Thursday, July 6, 2017
Mountainbells
Day 266: Embarrassing moment: I was telling Arnie that I had found Mountainbells in a new location, and he stopped me. "Mountain bells?" he asked, separating the words. "Campanula?" I stuttered and spit for a minute which prompted him to guess again. "Mertensia?" "No, no," I said, "Not bluebells, mountainbells." A few more frustrating minutes passed while I pulled open files in my mental database, and finally, I just gave up and blurted out the incorrect nomenclature, "Stenanthium, only it's not Stenanthium now. It's something else. Dammit!" The Latin gave him the identity of the plant, but neither of us could think of the new name.
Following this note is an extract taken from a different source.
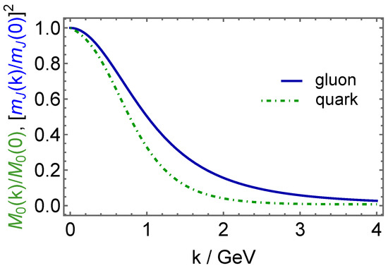 The existence of a Schwinger mechanism in QCD was first conjectured forty years ago [62]. The idea has subsequently been explored and refined [63,64,65,66,67], so that, today, a detailed picture is emerging, which unifies both the gauge and matter sectors [68]. The dynamical origin of the QCD Schwinger mechanism and its intimate connection with nonperturbative dynamics in the three-gluon vertex are elucidated elsewhere [36,37]. This is an area of continuing research, where synergies between continuum and lattice QCD are being exploited [69,70]. For our purposes, it is sufficient to know that Equation (6) is realised in QCD. Indeed, owing to their self-interactions, gluon partons transmogrify into gluon quasiparticles, whose propagation characteristics are determined by a momentum-dependent mass function. That mass function is power-law suppressed in the ultraviolet—hence, invisible in perturbation theory, yet large at infrared momenta, being characterised by a renormalisation-point-independent value [71]:

We finally resorted to looking it up on line: Anticlea occidentalis.
Poking around in seeps and cracks, it's not surprising that Team Biota turns up new locations for some of the Park's less common damp-environment species. Not too many people are willing to clamber up a slot to stand in a light but steady stream of cold meltwater aimed directly at the back of their collars in the hopes that there might be one more specimen of butterwort lurking in the shadows. Nor does your average wildflower enthusiast go on their knees in the mud or slip from soggy, mossy rock to soggy, mossy rock on their bum to reach the base of a waterfall to investigate a blue bit which might or might not be something unusual. Discoveries of rarities do not often come easily or without some degree of sacrifice. If they were readily accessible, it's almost a given that they would have been collected by less scrupulous observers. No, the rare things in this world largely occur where no one goes, in the same way that the biggest trout in a river are most likely to be found hiding in a tangle of brush below an undercut bank in a spot only accessible through a forest of devil's-club.
But Mountainbells aren't so very uncommon. It's just that by the time I got to them, I was mud up to the neck and my shirt was soaked. There might have been a butterwort up there, but there wasn't.